Could you transcribe all of the data exactly and skip any pictures?

• **Information shown**

+---+

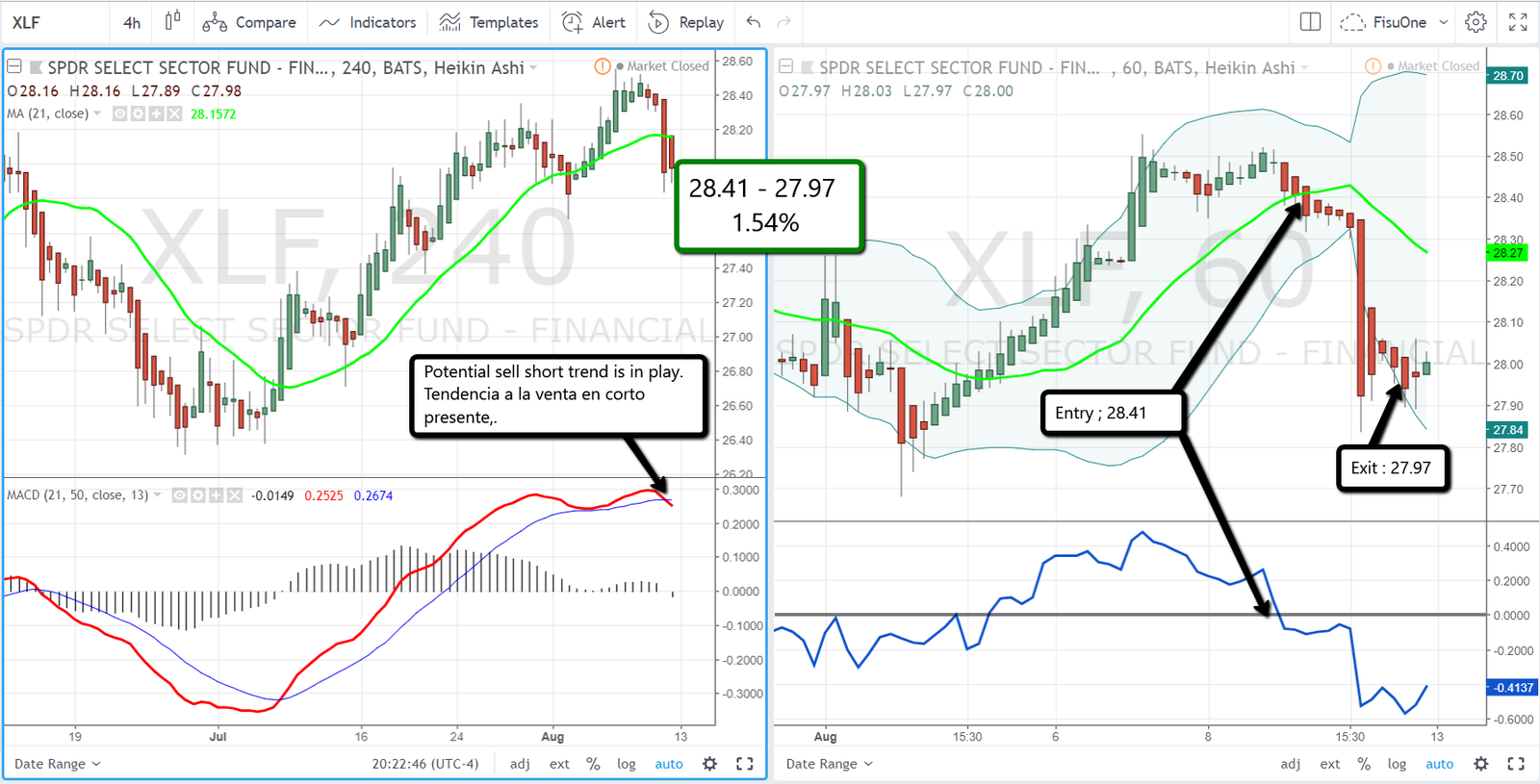 With XLF the same thing happened as with CLF, the trend was identified in 4 hr and it was operated in the direction of the sell short trade in the 1hr chat on the right and 1.54% was achieved.
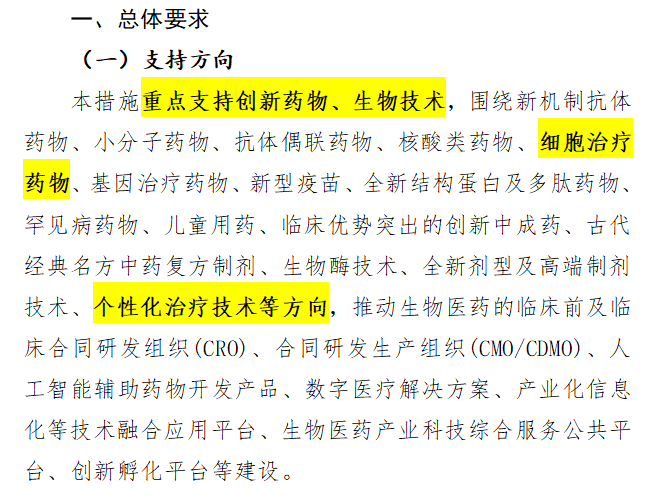 《措施》總體要求,重點(diǎn)支持創(chuàng)新藥物、生物技術(shù),圍繞…細(xì)胞治療藥物、基因治療藥物、新型疫苗……個性化治療技術(shù)等方向的發(fā)展。
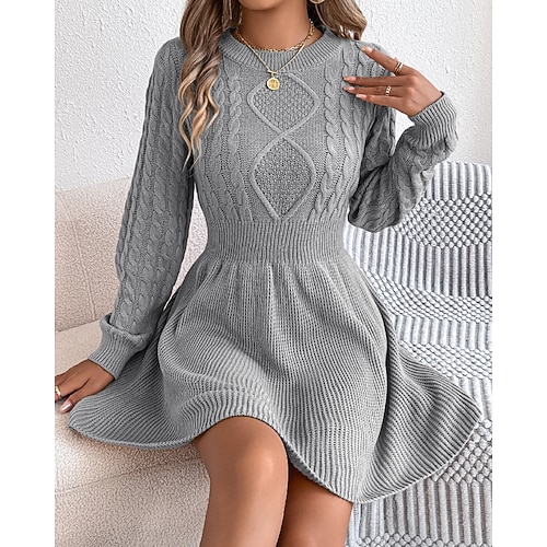 Per donna Mini Abito Abiti in tessuto di lino e policotone Abito in maglia Moderno Quotidiano Natale Uscire Vestibilità regolare Semplice Manica Lunga Girocollo Nero Vino Grigio Autunno Inverno

+---+

• **Result of this task**
 With XLF the same thing happened as with CLF, the trend was identified in 4 hr and it was operated in the direction of the sell short trade in the 1hr chat on the right and 1.54% was achieved.
 《措施》總體要求,重點(diǎn)支持創(chuàng)新藥物、生物技術(shù),圍繞…細(xì)胞治療藥物、基因治療藥物、新型疫苗……個性化治療技術(shù)等方向的發(fā)展。
 Per donna Mini Abito Abiti in tessuto di lino e policotone Abito in maglia Moderno Quotidiano Natale Uscire Vestibilità regolare Semplice Manica Lunga Girocollo Nero Vino Grigio Autunno Inverno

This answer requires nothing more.